23. Bien sûr, le recours aux moyens complémentaires de l’article 32 n’est pas automatique et ne se justifie qu’en cas d’ambiguïté ou d’obscurité dans le texte, ou si l’application de l’article 31 conduit à un résultat absurde ou déraisonnable. Une interprétation qui, en application de l’article 31, prenait déjà en compte l’inégalité des relations entre les parties, serait ainsi confirmée par l’analyse des circonstances spécifiques de la conclusion du traité, au titre de l’article 32.

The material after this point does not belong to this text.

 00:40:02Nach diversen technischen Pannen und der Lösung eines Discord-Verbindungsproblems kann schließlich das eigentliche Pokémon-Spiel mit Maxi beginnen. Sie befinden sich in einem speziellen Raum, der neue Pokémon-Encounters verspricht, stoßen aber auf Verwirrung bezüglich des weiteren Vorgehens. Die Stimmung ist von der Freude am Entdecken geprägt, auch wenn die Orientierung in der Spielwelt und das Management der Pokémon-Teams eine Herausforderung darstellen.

24. En outre, lorsque les relations entre les parties au traité sont inégales, il y a de fortes chances que le texte soit ambigu, ce qui justifierait davantage le recours à l’article 32. Selon les circonstances et les termes d’un traité inégal, une interprétation particulière de celui-ci peut conduire à une absurdité manifeste ou à un résultat déraisonnable. En bref, il existe une multitude de raisons qui justifieraient le recours aux moyens complémentaires d’interprétation dans le cas des traités inégaux.

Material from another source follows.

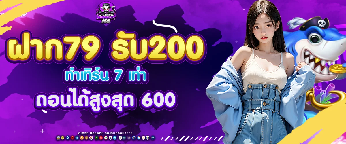 ฝาก 79 → รับเพิ่ม 121 = รวม 200 / ทำเทิร์น 7 เท่า / ถอนได้สูงสุด 600

25. De l’avis du Royaume de Thaïlande, l’inégalité entre le Royaume-Uni et l’île Maurice est une circonstance fondamentale à prendre en compte au cas d’espèce, car elle a marqué le processus de négociation de la décolonisation et elle a greffé la naissance de Maurice en tant qu’Etat indépendant. A les supposer établies, la Cour ne saurait ignorer les limites imposées à l’île Maurice dans l’exercice de son droit à l’autodétermination. Ce ne sont pas seulement les termes spécifiques des arrangements entre les parties qui doivent être examinés à la lumière de leur relation inégale, mais aussi tous les aspects de ce qui a été fait et décidé à l’époque critique, qu’il s’agisse d’un traité ou d’autres types d’instruments internationaux. En bref, en interprétant les événements qui se sont produits et en dégageant leurs implications pour les questions posées dans la demande d’avis consultatif, la Cour doit jauger les événements, les accords et les ententes à la lumière de l’inégalité de la relation entre les parties, qui donne la clef fondamentale pour leur compréhension.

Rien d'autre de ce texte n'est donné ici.